Acid-fast or Ziehl-Neelsen stain

Certain bacteria such as mycobacteria are relatively impermeable to most stains, but do stain with a strong reagent such as hot carbol fuschin in 5% phenol. Once stained these bacteria resist decolourisation by strong acids e.g. sulphuric acid. The smear is then counterstained with either methylene blue or malachite green. Acid-fast bacteria stain pink and any cellular material or other bacteria stain blue or green, dependent on the counterstain used. Mycobacteria are acid-fast as their cell wall is rich in lipids, fatty acids and the higher alcohols.

Partial acid-fast stains or Stamp’s stain

Certain bacteria cannot withstand decolourisation by a strong acid, but do if a weaker acid such as 0,5% acetic acid is used. Brucella, Chlamydia, Coxiella and Nocardia species stain with this method. Some bacterial endospores are also partially acid-fast.

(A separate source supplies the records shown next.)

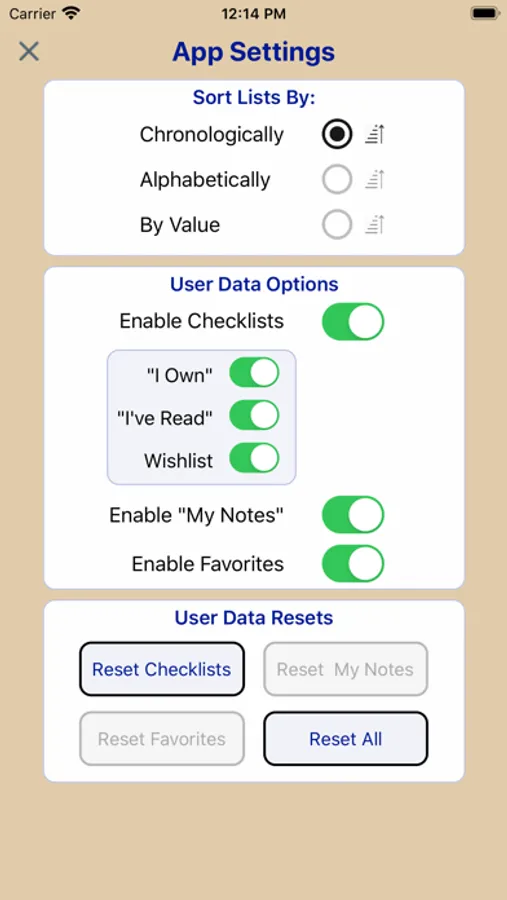 - User customization; including chronological or alphabetical ordering of lists, etc.
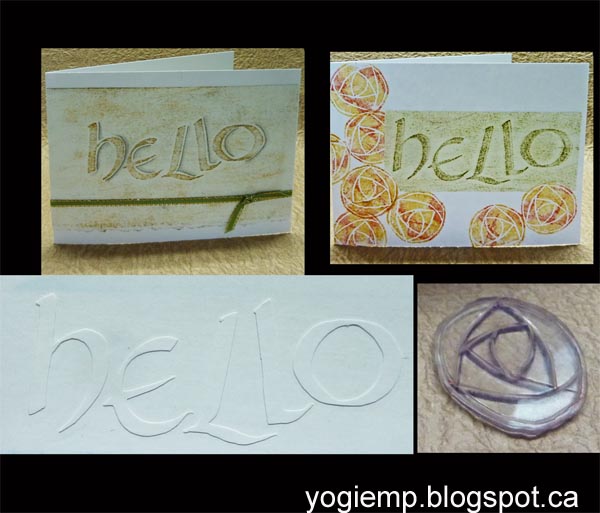 ID: Wk 17- Impressions - Hello cards I wrote out the word "HELLO" in an Uncial style, cut it out and adhered it to another piece of cardstock. Ran it through it my embossing machine with Arches Text Wove then hit the high points and the rest of the paper with Distress ink pads. Adhered to a card base and added a ribbon. For the 2nd card I also cut out a Deco Rose from my clear rubber. Inked the stamp with a yellow and red Distress pad, misted lightly with water and stamped, repeating for all the roses. |
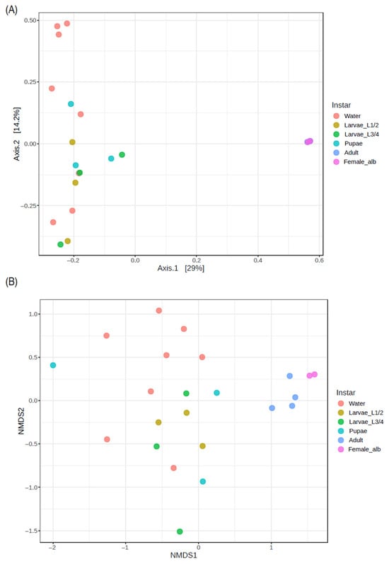 Beta diversity of bacterial communities in artificial breeding site water samples, larvae, pupae, and adults of Ae. aegypti and females of Ae. albopictus. (A) Principal coordinates analysis (PCoA) was generated with the Bray–Curtis index (PERMANOVA F-value = 2.60; p-value = 0.001; R2 = 0.43). (B) Nonparametric multidimensional scaling (NMDS) analysis: significant differences were found between adults of Ae. aegypti and water body samples from breeding sites, larvae, and pupae forming two different groups (PERMANOVA F-value = 2.60; p-value = 0.001; R2 = 0.43 and a stress level of 0.19). Water: water breeding sites samples; Larvae_L1/2: samples of L1–L2 stage larvae; Larvae L3/4: samples of L3–L4 stage larvae; pupae: samples of pupae; Male_aeg, males of Ae. aegypti; Female_aeg, females of Ae. aegypti; and Female_alb, females of Ae. albopictus.
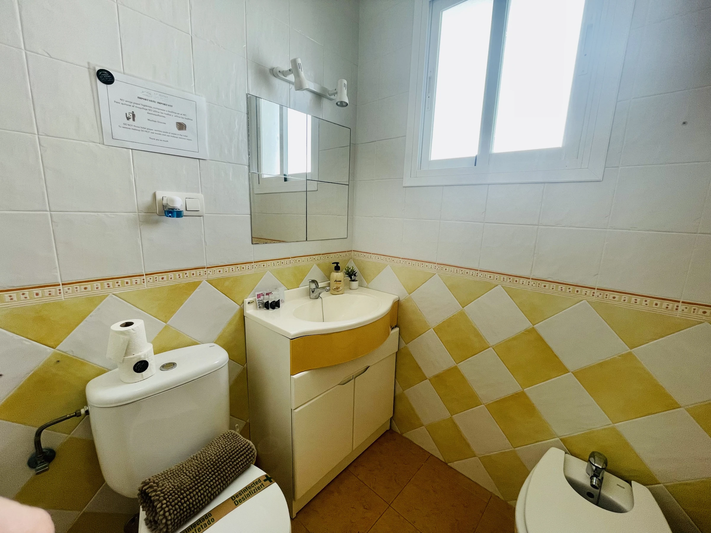 De plus, au premier étage, la maison dispose d’une salle de bain complète avec douche, sèche-cheveux et bidet.
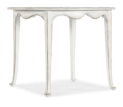Capturing the vintage charm of the coastal South, the Charleston Breakfast Table is crafted of Maple Veneers and has a scalloped apron design. The finish is Magnolia White, a color originally created from the purest limestone, used to paint the pillars, posts and fences of classic southern homes. The round table has understated cabriole legs, a Solid-Wood Edge top and accommodates up to 4 coordinating chairs.
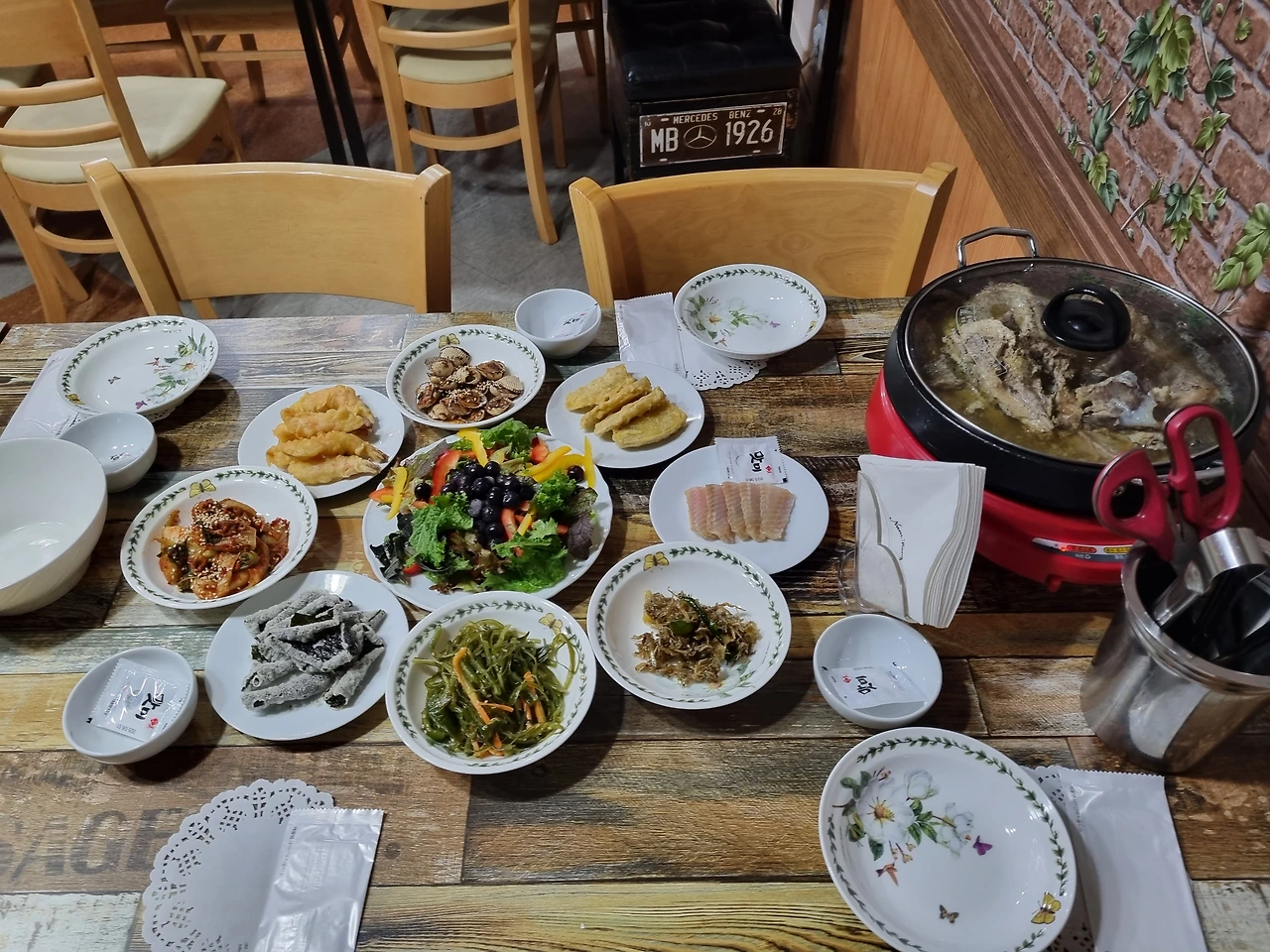황칠닭백숙, 반찬이 정갈하고 맛있다. 남강레스토랑의 특별한 맛에 매료되어 다음에 거문도여행을 와 가족과 함께 들려봐야겠다는 생각이 들었다. 한식양식일식등 베트남쌀국수까지 다양한 음식을 맛볼 수 있는 곳이다.
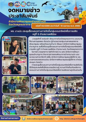 นายสุรศักดิ์ แหล่งหล้า พัฒนาการจังหวัดสมุทรปราการ มอบหมายให้นางสาวยุคลพร เขียวม่วง ผู้อำนวยการกลุ่มงานสารสนเทศการพัฒนาชุมชน พร้อมด้วยนายอำนาจ เอี่ยมมา นักวิชาการพัฒนาชุมชนชำนาญการ ลงพื้นที่ประชุมชี้แจงแนวทางการจัดตั้งกลุ่มออมทรัพย์เพื่อการผลิต หมู่ที่ 3 ตำบลบางพลีน้อย อำเภอบางบ่อ จังหวัดสมุทรปราการ
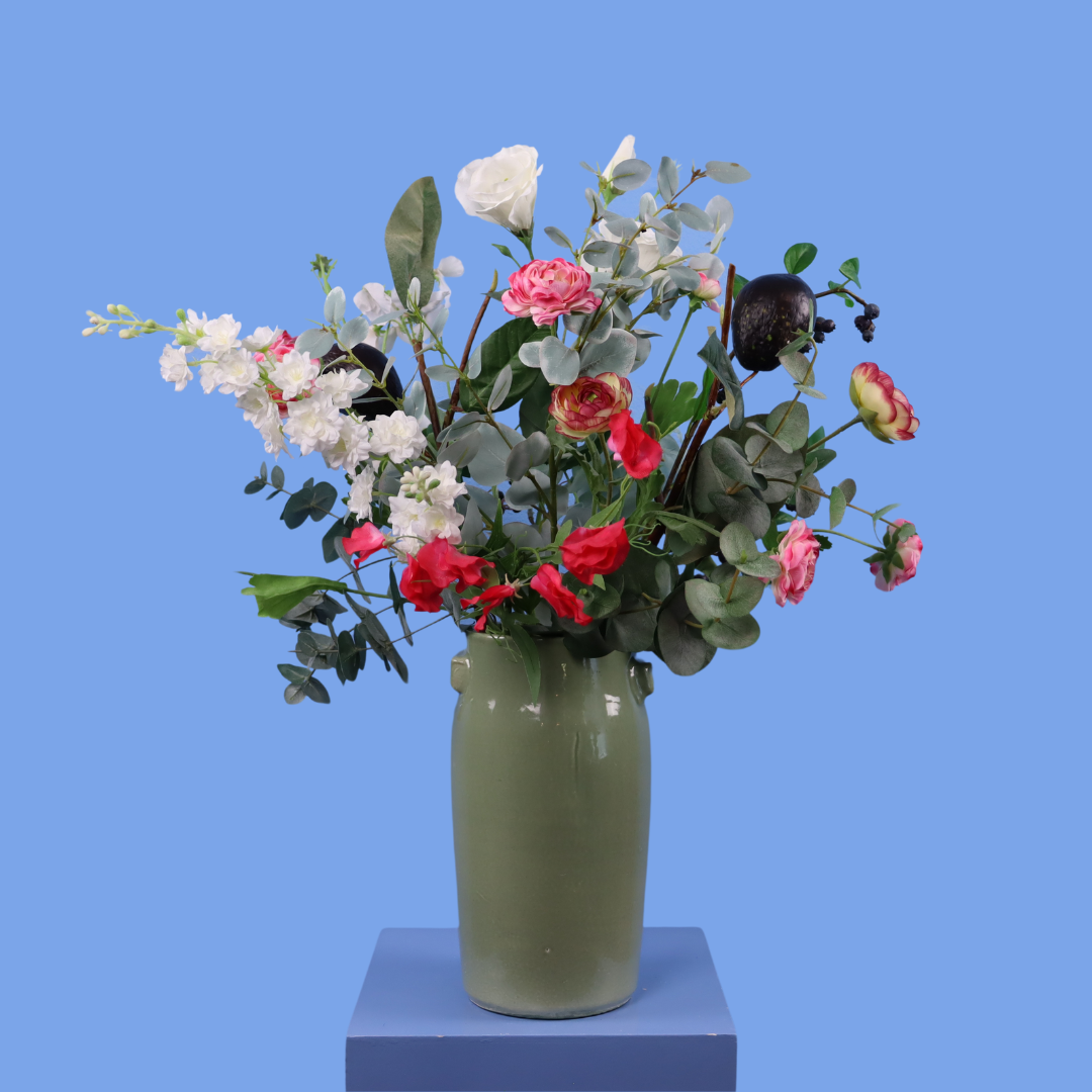 Groene Serax vaas met rozen, lisianthus en is aangevuld met groen.

Giemsa and Diff Quik (CAM’s Quick, Rapid-Diff) stains

These stains are very useful in the staining of certain bacteria and to visualize cellular morphology in tissue smears. They are used to demonstrate the capsule of Bacillus anthracis and the spirochaete Borrelia in blood and tissue smears. Bacteria usually stain well (deep purple) as the relationship of bacteria to tissue cells can be well demonstrated. Yeasts also stain well with these stains. However, moulds and mycobacteria tend to stain poorly or not at all.

Staining for spores

Spores are usually easy to observe as they stain negatively, whereas bacteria stain positively when normal bacterial stains are used. It is, however, possible to stain spores using acid-fast staining techniques. At times, the ideal growth conditions of artificial culture media can inhibit the production of spores. Therefore, before a spore stain is attempted, it might be necessary to culture the bacteria on a starch or trace element constrained medium.

Staining of capsules

The capsules of bacteria present in pathological material are often clearly stained with standard bacterial stains, such as basic fuschin, methylene blue, Giemsa or Diff Quik stains. Gram’s, Giemsa and Diff Quik stains colours them pink. However, capsules of bacteria cultured artificially usually do not stain well. Thus negative or relief staining techniques should be used. The best method to use is a wet-film India ink stain, as there is no protoplasmic shrinkage which could cause a false positive result. Slime produced by bacteria appears as irregular masses of pink amorphous material lying between the bacteria and outside the capsule of capsulated bacteria. Some bacteria lose their capsules when cultured on artificial media and special media and growth conditions may be required e.g. capsules will only be produced by Bacillus anthracis if grown in 5% CO2 on bicarbonate rich agar medium.